В польских лесах — страница 45 из 46

— Они идут!

Что ни шаг менялись несшие гроб, дабы все близкие могли коснуться святого тела; они же принимали «записочки» и клали их на крышку гроба.

Микве не была видна. Люди стояли вдоль стен, висели на оконных рамах, на крыше, держались за трубы, ссорились из-за места, говорили о заслугах каждого, кто принимал участие в омовении тела:

— Такая честь!

— Вероятно, он заслужил!

— В погребальном обществе есть более благочестивые евреи, чем Мойше-скорняк!..

— А если он скорняк, так что?

— Лейзер-виноторговец хотел дать ему сто злотых за эту честь…

— Вы слышите?

— И он не хотел продать, хотя Мойше — бедный человек!

Микве была до того набита народом, что гасли свечи. Десять приближенных стояли вокруг покойника, имея долю в его теле, члены которого символизируют горние миры. Служка, реб Файвуш, вызывал их по одному:

— Реб Иче, совершите омовение святой головы цадика! Реб Генех, совершите омовение правой руки, реб Мойше-скорняк — левой, цадик из Пшисхи…

* * *

Когда принялись за омовение, кто-то начал читать праздничную молитву «Алель». Все подхватили. Люди задирали головы, руки, и, если бы на них были талесы, можно было бы подумать, что целая община читает заключительную молитву Судного дня — неилу.

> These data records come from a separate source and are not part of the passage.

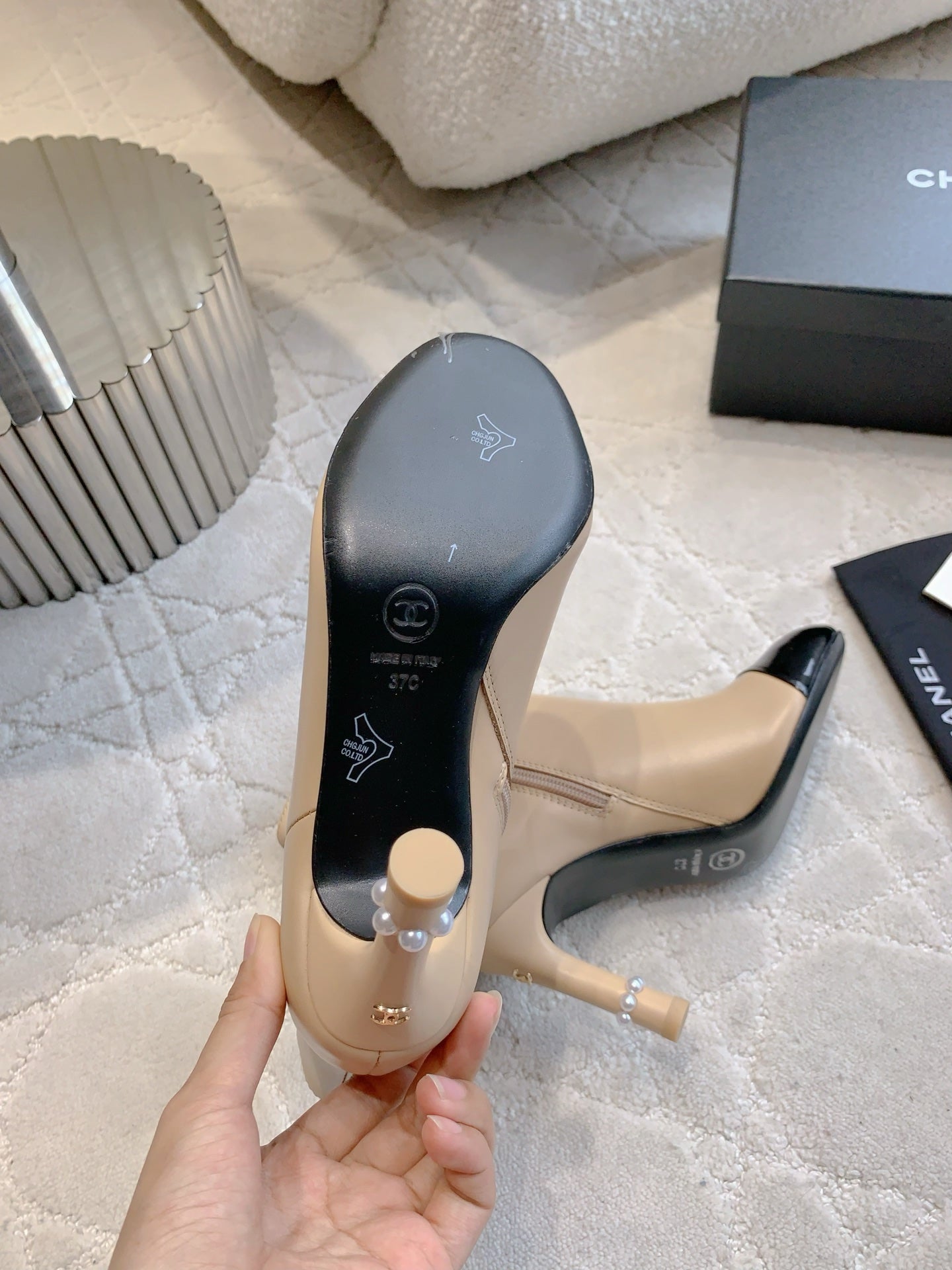 CC 25 Pearl Heel Boot Beige Calfskin 516655
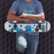 Cool skateboard with blue monster graphics
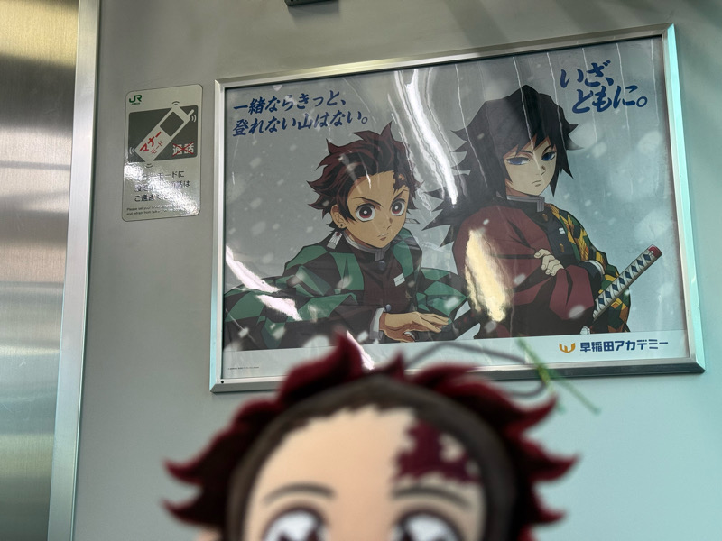 田んぼアートに向かう最中、電車内広告に遭遇できました!日曜の朝早い時間とあって人が少ない…嬉しい…!
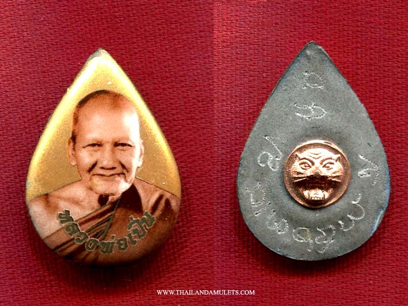 Luangpor Pern's locket amulet, golden colour. Bless/chanted ceremony b.e.2557(a.d.2014) at WatBangphra temple. Monk amulet wear for protection and welcome good fortune, image of holy monk blessing front side, backside attached with tiger amulet, wrote with yant mantras, made of sacred holy materials, consecrated from WatBangphra.
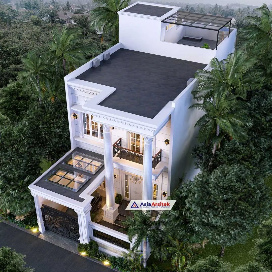 This 2-storey house is 8x18 meters, not as grand as a mansion but big enough for your small family. This house is beautifully designed in a modern classic style, boxy shape with classic facade details. Large columns with tall pillars become focal points.
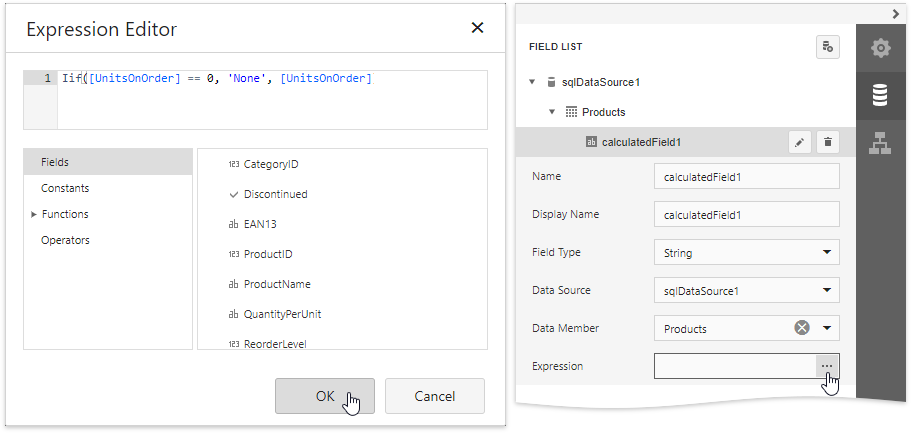 Click the Edit button and set the Field Type property to String. Then, click the Expression property's ellipsis button and define the required condition for the calculated field in the invoked Expression Editor.

Потом вдруг все стихло. Слышно было, как спорили у микве. Чтобы расслышать, о чем идет речь, толпа становилась на цыпочки и навостряла уши:

— Вода слишком низко!

— Окунуть в воду стоя нельзя!

— А надо осуществить омовение по всем законам!

— Пусть реб Иче опустит в воду голову святого праведника!

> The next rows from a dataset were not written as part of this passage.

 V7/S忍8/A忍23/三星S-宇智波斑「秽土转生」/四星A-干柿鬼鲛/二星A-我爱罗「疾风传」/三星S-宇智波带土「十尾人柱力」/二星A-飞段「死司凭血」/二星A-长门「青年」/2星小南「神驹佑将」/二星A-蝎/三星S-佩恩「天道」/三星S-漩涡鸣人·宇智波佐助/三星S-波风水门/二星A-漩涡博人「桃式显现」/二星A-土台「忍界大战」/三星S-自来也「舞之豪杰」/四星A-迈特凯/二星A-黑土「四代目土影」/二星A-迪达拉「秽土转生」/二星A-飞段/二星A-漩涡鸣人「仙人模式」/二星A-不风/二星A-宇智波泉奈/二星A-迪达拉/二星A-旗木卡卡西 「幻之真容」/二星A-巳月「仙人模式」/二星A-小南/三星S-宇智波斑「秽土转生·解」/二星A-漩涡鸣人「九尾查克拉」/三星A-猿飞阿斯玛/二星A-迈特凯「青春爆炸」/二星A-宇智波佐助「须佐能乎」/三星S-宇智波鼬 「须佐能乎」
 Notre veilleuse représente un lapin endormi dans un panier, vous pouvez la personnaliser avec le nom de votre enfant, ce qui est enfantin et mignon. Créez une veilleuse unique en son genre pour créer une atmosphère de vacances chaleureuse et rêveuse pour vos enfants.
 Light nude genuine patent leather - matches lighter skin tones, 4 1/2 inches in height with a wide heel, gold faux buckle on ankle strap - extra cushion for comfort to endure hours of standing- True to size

— Ребе может сам окунуться! — сказал реб Иче уверенно. — «Святые сильнее после смерти, чем при жизни».

Народ вздрогнул при этих словах, рванулся вперед, люди начали шептаться:

— Что ты скажешь?

— Чудо?

— Чудо!

— Совершилось чудо!

— Вода поднялась выше головы реб Менделе!..

— И ребе погрузился для омовения?

— Об этом же и говорят!

— Кто постигает их пути?

— Чудо из чудес!

* * *

Вокруг открытой могилы хасиды сплели из рук двойную цепь. Сухой снег одел кладбище в белый наряд. Беспомощно стояла семья ребе, обессиленная рыданиями. Только одна Темреле взывала к усопшему, вскидывая вверх свои красивые ладони. Широкие рукава обнажали ее белые, белее снега, руки, и они рвались к могиле.

Толпа любопытствовала:

— Кто она?

— Кто это?

— Это свояченица ребе.

— Это же Темреле!

— Та, которую поймали?

— Да, да, та самая!..

— Ну уж и скромница!

— Держи язык за зубами!

— Кто, по-твоему, займет место ребе?

— Реб Иче!

— Реб Довидл допустит?

— Ш-ш, ш-ш!

— Читают кадиш[60].

Как только реб Довидл закончил кадиш, Темреле уверенно подошла к нему и приветствовала его:

— Поздравляю, ребе!

Приближенные незаметно отделились от толпы. Окружили реб Довидла, поздравляли его, ожидая, чтоб подошел народ, который, однако, стоял пораженный и не двигался с места.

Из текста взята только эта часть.